Given data
··········

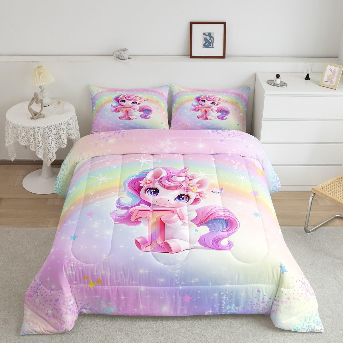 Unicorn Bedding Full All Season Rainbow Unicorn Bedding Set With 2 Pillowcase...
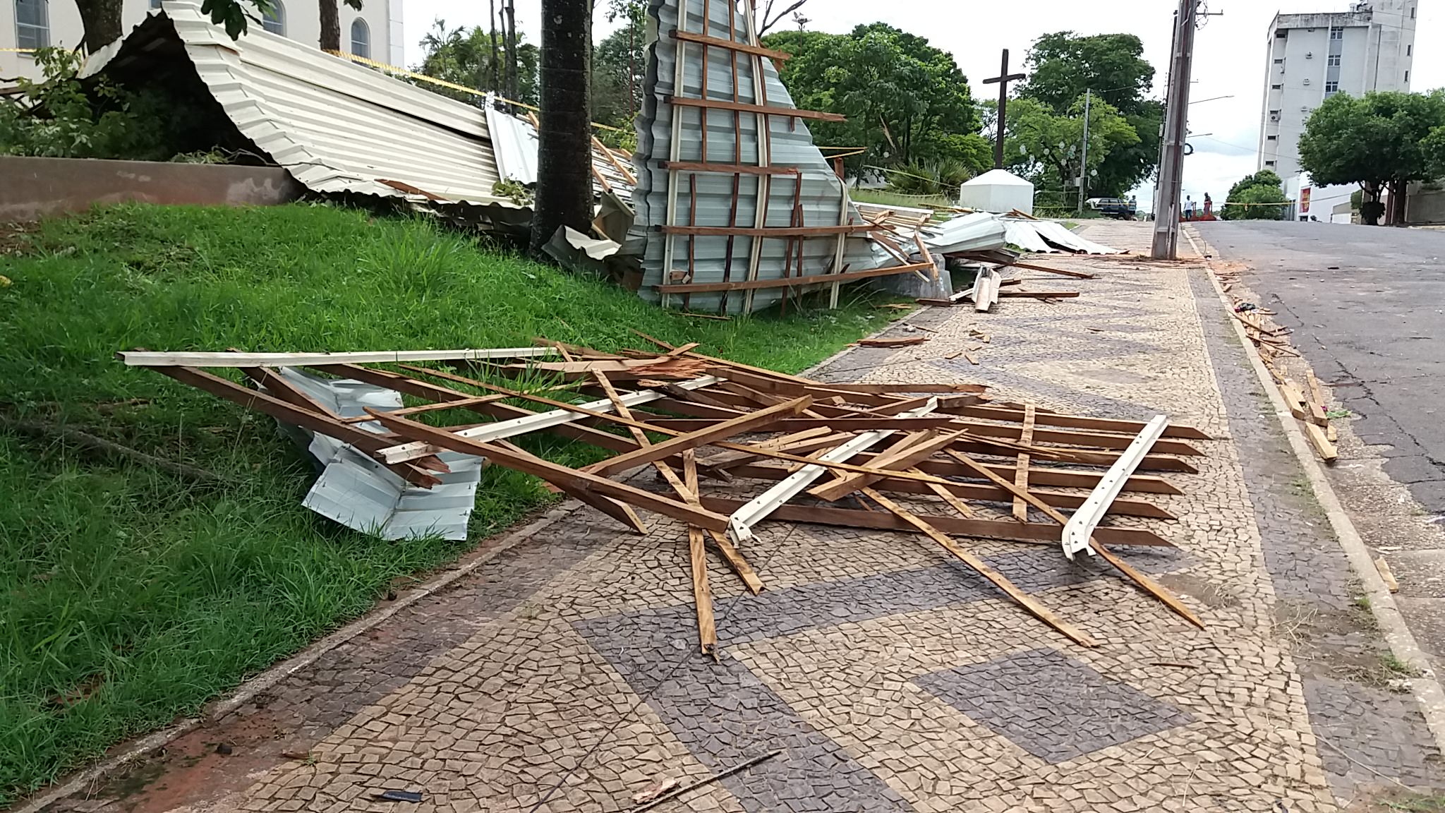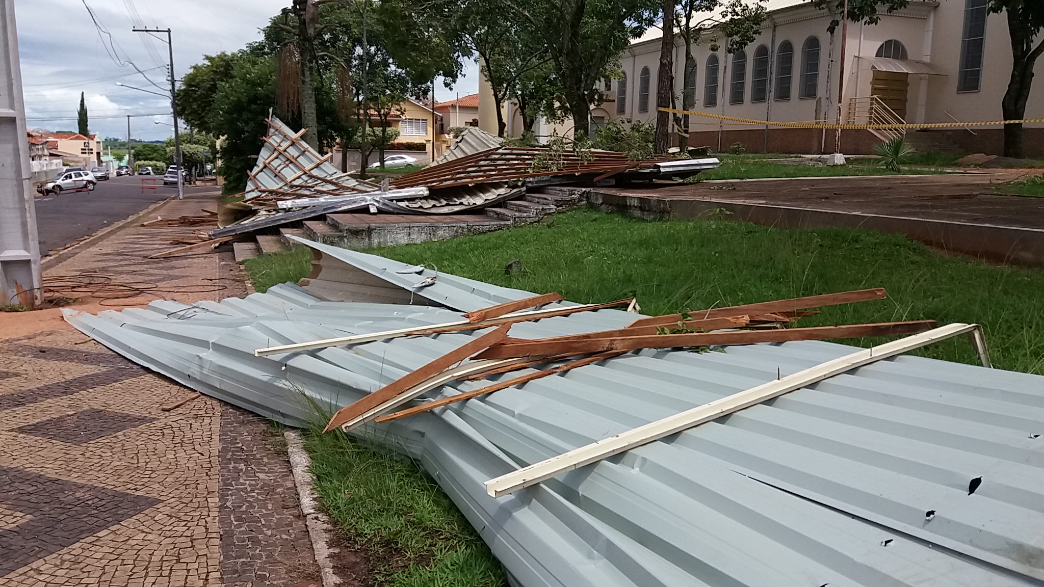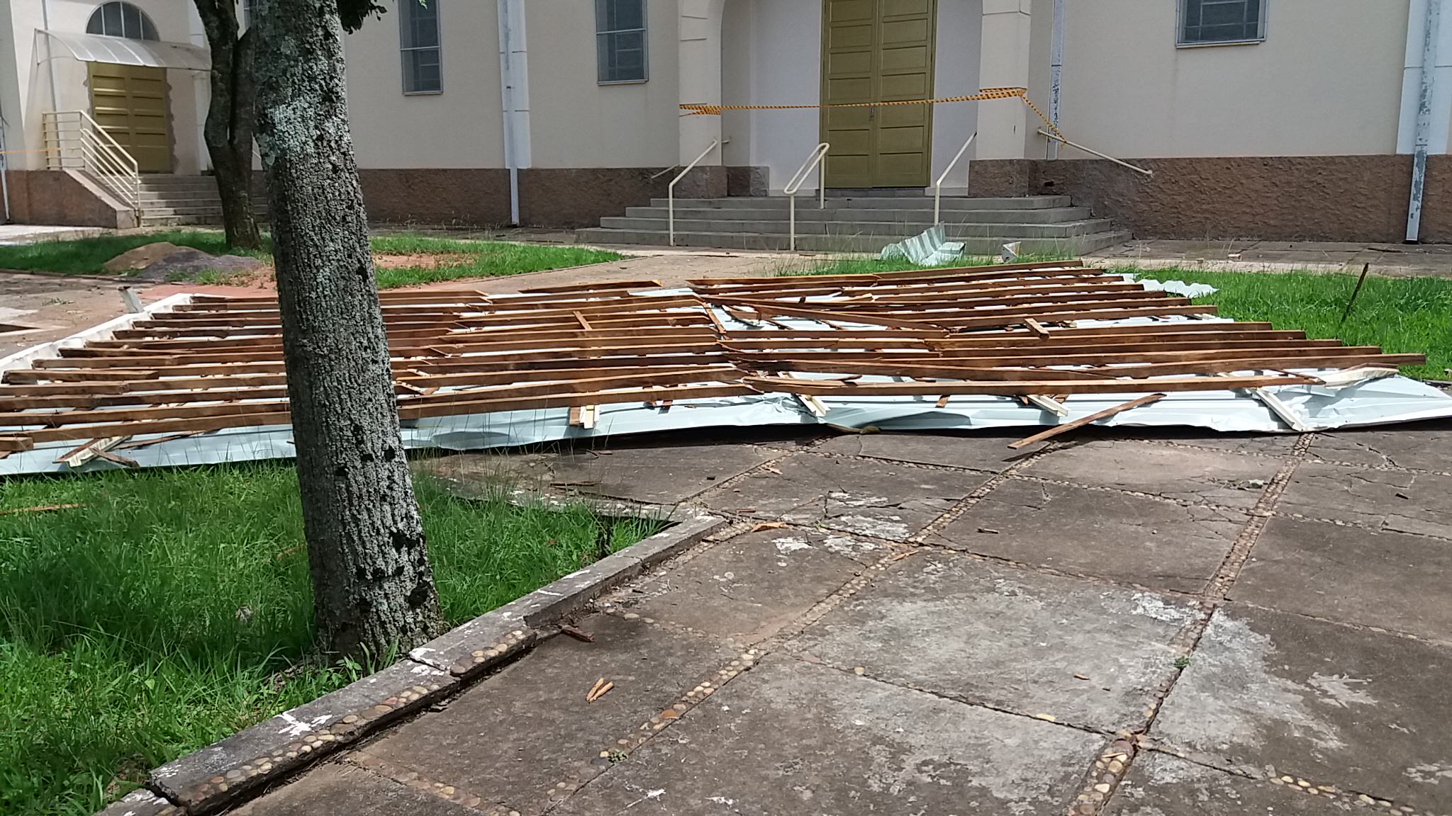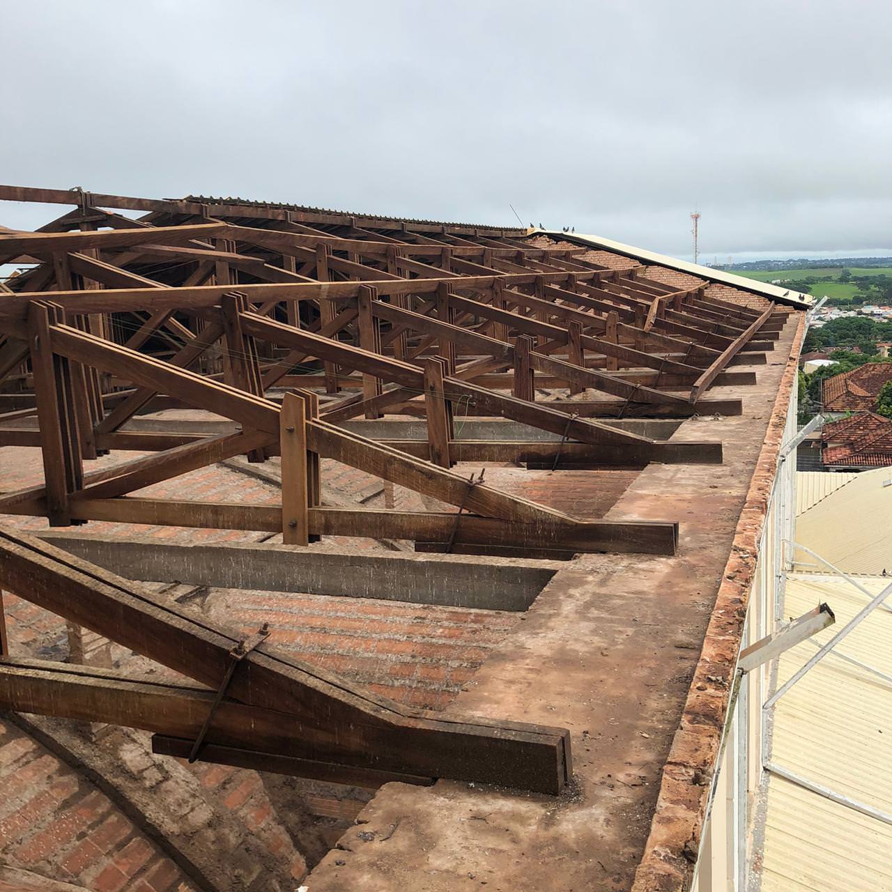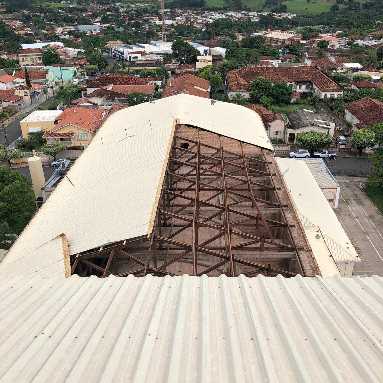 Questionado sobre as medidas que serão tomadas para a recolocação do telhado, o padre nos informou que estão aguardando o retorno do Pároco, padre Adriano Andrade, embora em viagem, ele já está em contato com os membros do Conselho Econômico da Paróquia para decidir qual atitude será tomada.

··········

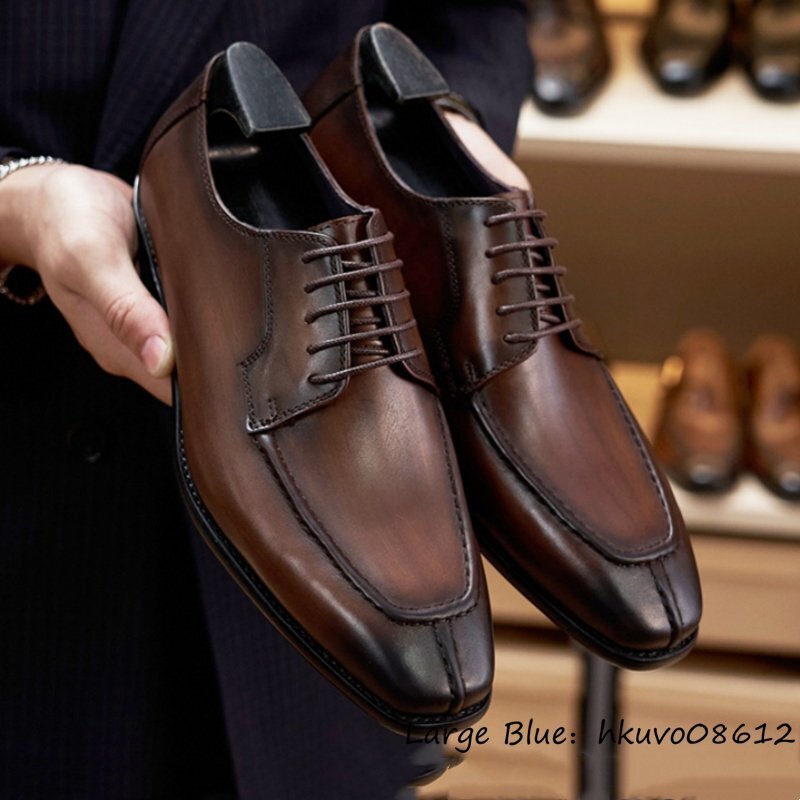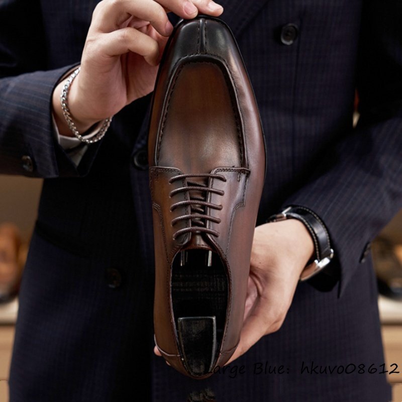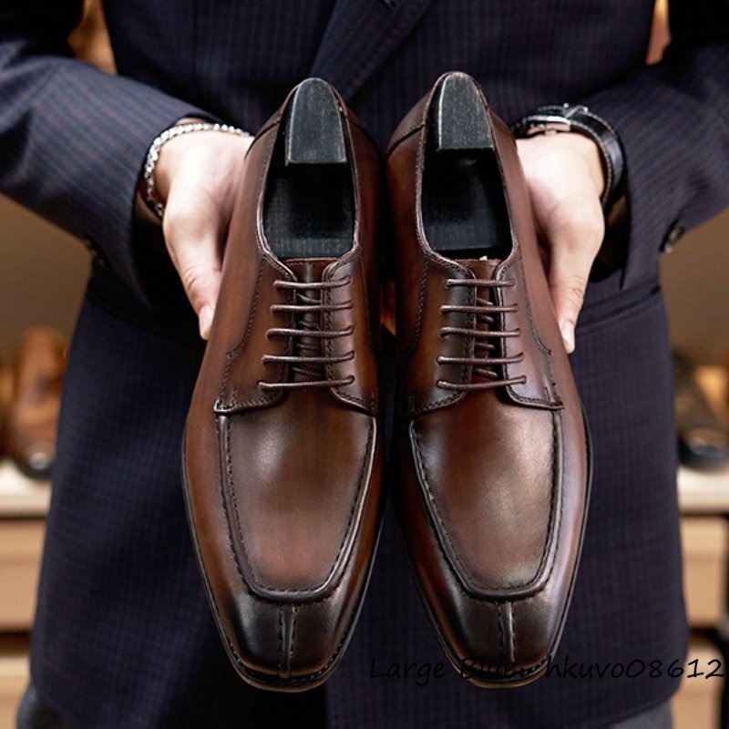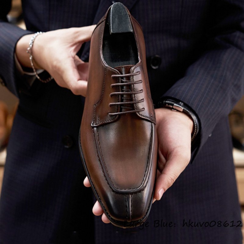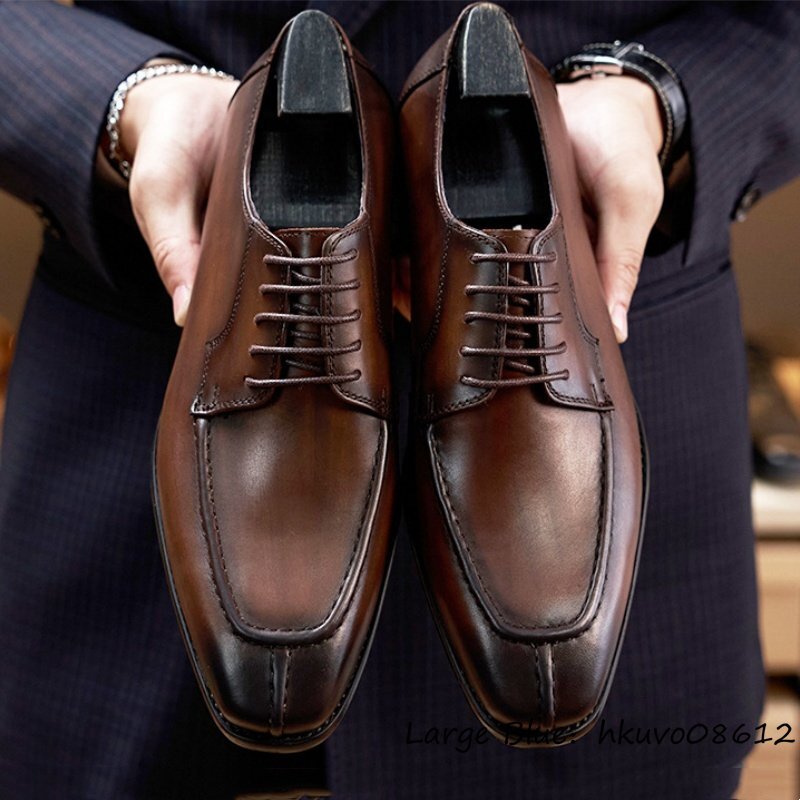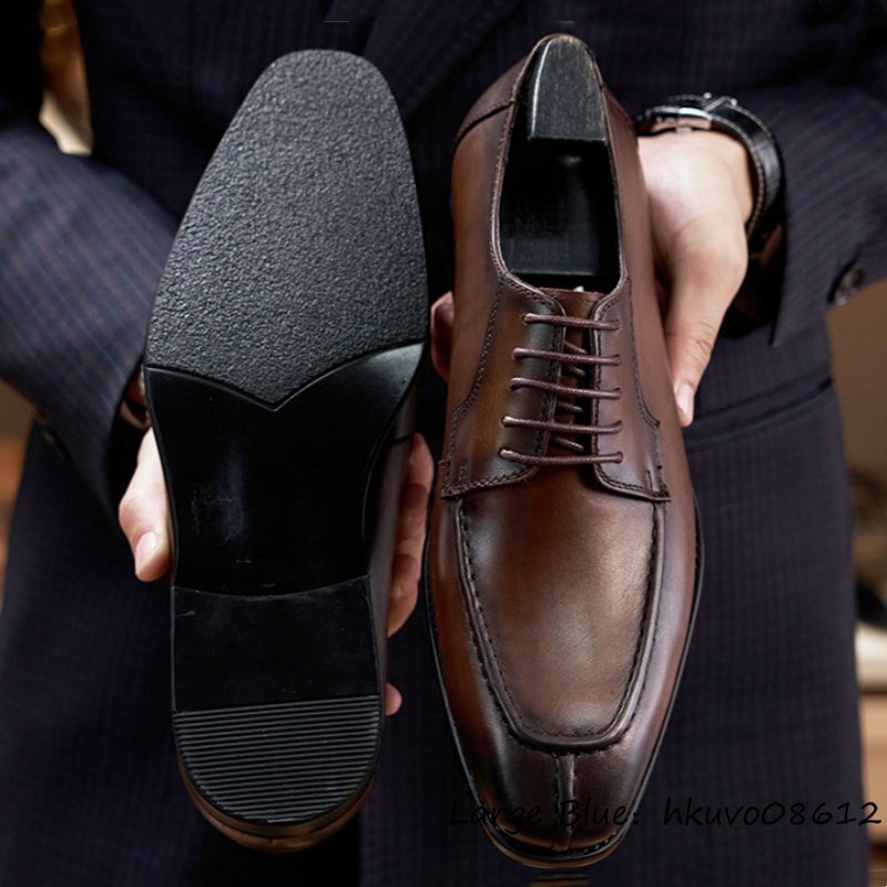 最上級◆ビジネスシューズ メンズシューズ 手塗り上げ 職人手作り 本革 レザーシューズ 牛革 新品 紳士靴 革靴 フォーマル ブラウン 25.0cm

··········

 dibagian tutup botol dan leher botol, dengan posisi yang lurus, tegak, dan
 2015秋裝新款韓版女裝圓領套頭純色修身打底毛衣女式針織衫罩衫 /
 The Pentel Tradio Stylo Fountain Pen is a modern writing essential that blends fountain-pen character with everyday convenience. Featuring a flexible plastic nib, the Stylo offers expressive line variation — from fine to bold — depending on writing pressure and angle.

··········

Exercise objective
Reproduce exactly the lines above from the line with "2015秋裝新款韓版女裝圓領套頭純色修身打底毛衣女式針織衫罩衫 /" to the line with "The Pentel Tradio", including both, and add nothing.

Solution below
 2015秋裝新款韓版女裝圓領套頭純色修身打底毛衣女式針織衫罩衫 /
 The Pentel Tradio Stylo Fountain Pen is a modern writing essential that blends fountain-pen character with everyday convenience. Featuring a flexible plastic nib, the Stylo offers expressive line variation — from fine to bold — depending on writing pressure and angle.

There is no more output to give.